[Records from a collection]

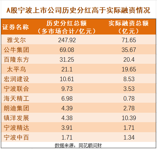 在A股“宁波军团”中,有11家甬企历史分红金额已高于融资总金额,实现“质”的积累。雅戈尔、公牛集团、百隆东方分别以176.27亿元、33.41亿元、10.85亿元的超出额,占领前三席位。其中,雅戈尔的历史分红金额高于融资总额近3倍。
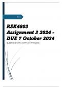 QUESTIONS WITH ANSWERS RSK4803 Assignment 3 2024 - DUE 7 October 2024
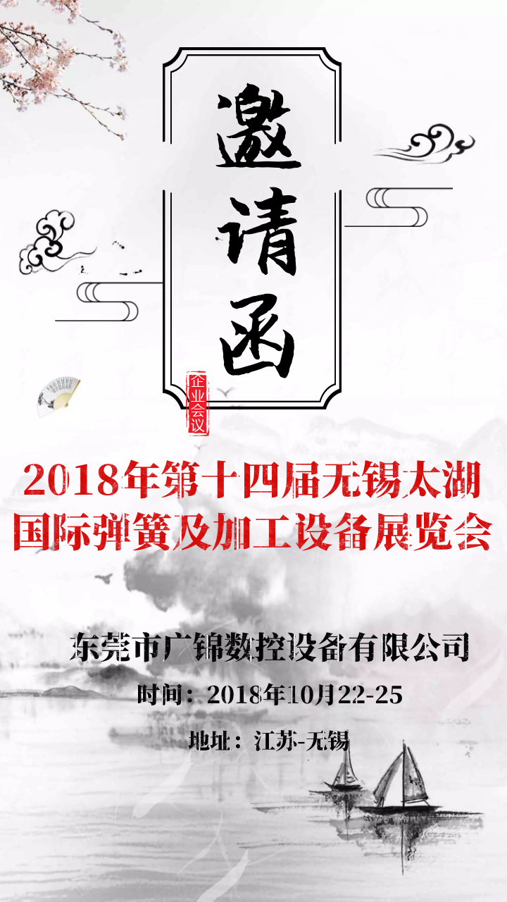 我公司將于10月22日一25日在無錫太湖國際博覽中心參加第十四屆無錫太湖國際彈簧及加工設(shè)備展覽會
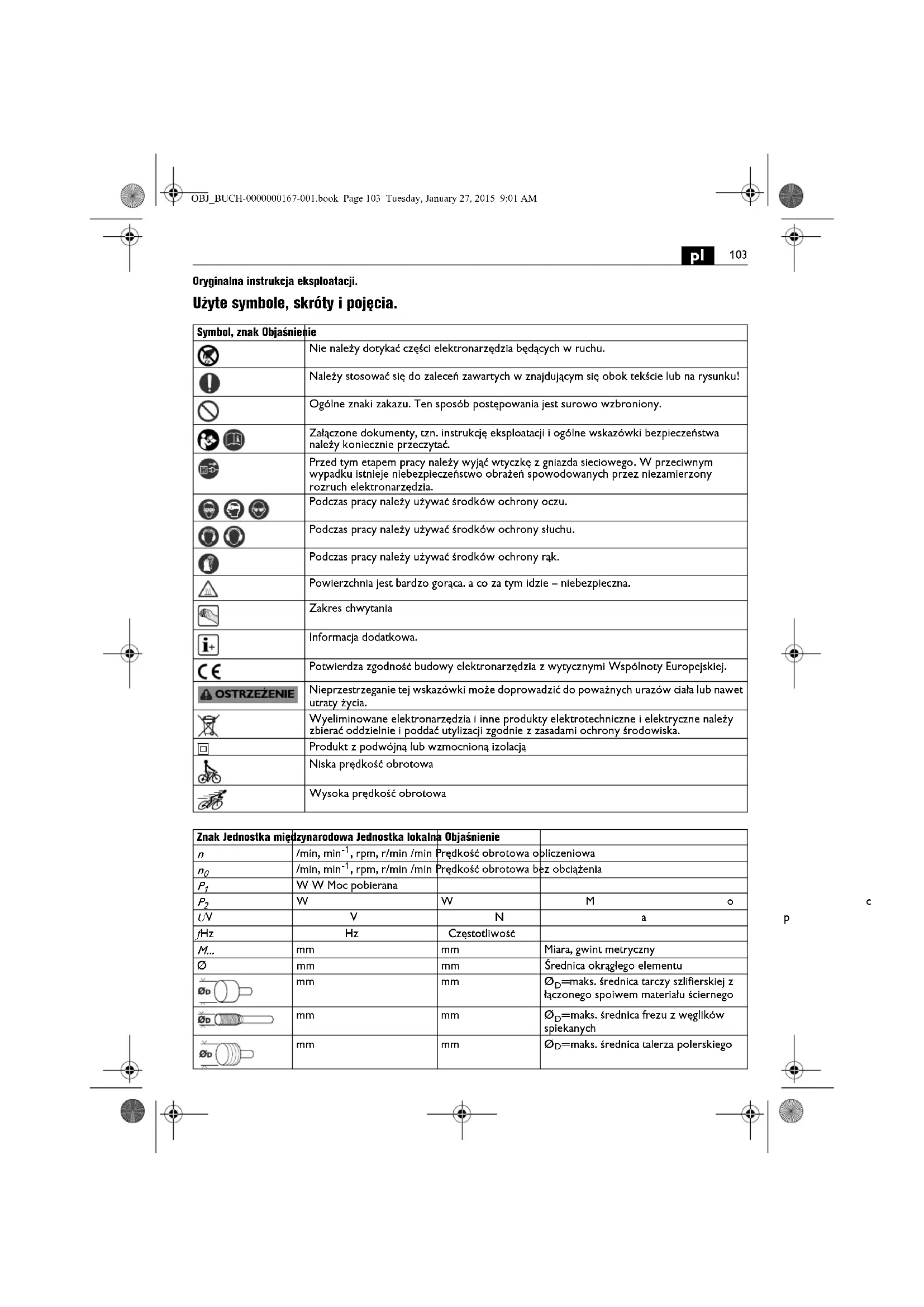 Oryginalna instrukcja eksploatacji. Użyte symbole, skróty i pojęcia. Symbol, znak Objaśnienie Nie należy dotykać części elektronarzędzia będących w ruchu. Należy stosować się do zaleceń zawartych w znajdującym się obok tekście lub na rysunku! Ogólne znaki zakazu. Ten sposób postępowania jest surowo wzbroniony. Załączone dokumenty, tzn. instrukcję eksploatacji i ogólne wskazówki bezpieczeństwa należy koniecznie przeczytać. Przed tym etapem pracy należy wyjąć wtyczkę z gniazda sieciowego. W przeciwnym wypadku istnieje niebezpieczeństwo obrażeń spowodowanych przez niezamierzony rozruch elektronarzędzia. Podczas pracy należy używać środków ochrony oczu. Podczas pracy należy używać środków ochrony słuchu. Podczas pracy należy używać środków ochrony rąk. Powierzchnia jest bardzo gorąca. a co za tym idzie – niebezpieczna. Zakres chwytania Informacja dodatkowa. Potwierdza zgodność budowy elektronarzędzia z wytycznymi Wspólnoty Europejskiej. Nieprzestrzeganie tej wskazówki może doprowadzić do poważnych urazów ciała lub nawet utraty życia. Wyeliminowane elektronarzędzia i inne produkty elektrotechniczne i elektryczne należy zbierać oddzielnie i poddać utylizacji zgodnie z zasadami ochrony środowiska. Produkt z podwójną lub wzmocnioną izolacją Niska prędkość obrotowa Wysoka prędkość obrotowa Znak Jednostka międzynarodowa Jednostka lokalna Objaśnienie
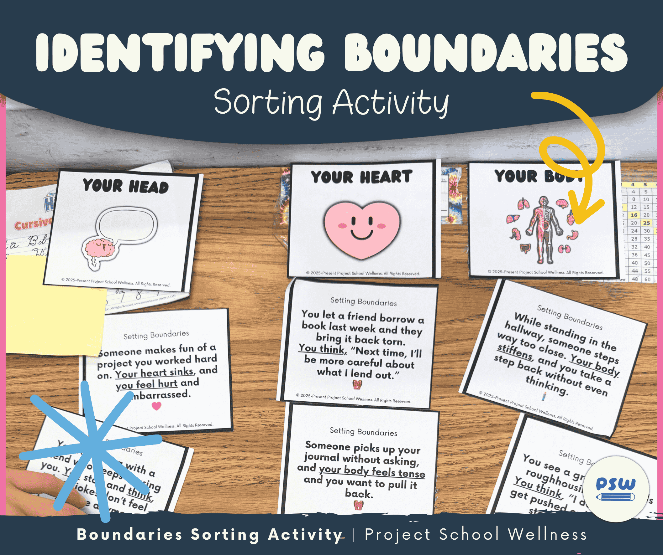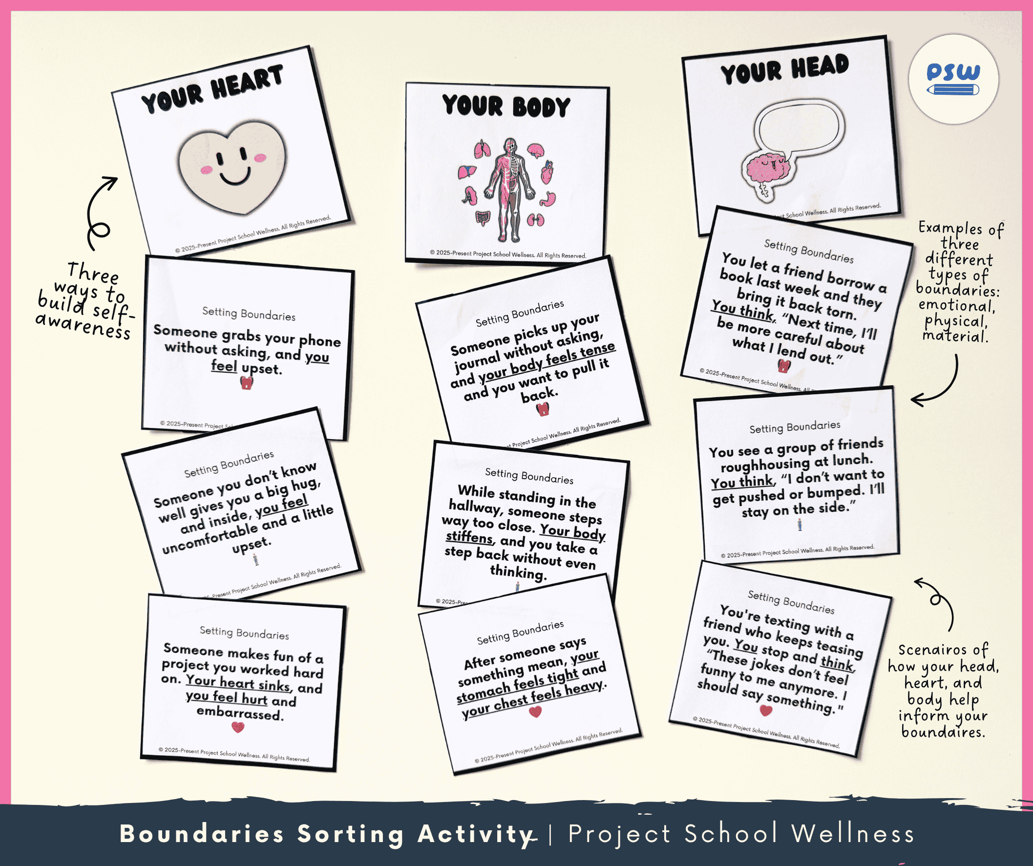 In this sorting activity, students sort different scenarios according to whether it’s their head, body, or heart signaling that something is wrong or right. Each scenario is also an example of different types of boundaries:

--

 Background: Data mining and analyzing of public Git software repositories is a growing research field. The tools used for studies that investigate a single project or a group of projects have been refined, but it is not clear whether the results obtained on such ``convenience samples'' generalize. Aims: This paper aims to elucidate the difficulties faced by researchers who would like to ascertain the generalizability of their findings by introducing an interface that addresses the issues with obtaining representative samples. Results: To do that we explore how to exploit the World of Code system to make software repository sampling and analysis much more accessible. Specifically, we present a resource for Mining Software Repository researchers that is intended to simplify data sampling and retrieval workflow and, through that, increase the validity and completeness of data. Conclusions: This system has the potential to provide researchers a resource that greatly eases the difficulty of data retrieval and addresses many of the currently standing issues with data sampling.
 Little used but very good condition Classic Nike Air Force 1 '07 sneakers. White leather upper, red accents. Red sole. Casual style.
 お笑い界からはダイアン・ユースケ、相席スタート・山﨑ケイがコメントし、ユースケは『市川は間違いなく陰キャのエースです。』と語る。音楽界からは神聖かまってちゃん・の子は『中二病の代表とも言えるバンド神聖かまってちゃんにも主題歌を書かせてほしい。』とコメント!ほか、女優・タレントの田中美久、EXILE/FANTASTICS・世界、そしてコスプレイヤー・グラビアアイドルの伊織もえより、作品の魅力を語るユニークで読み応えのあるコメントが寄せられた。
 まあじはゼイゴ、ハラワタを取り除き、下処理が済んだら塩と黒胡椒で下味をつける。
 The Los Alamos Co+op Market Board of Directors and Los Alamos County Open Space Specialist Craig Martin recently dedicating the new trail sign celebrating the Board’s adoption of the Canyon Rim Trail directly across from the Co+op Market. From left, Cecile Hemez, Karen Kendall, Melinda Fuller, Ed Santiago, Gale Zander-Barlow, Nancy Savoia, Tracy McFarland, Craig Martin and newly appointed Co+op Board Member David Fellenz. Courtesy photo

▸ **What you should do**
Among the entries above, take the lines from the one with "QUESTIONS WITH ANSWERS" through the one with "我公司將于10月22日一25" and retype them exactly, leaving out the pictures.

▸ **Task result**
 QUESTIONS WITH ANSWERS RSK4803 Assignment 3 2024 - DUE 7 October 2024
 我公司將于10月22日一25日在無錫太湖國際博覽中心參加第十四屆無錫太湖國際彈簧及加工設(shè)備展覽會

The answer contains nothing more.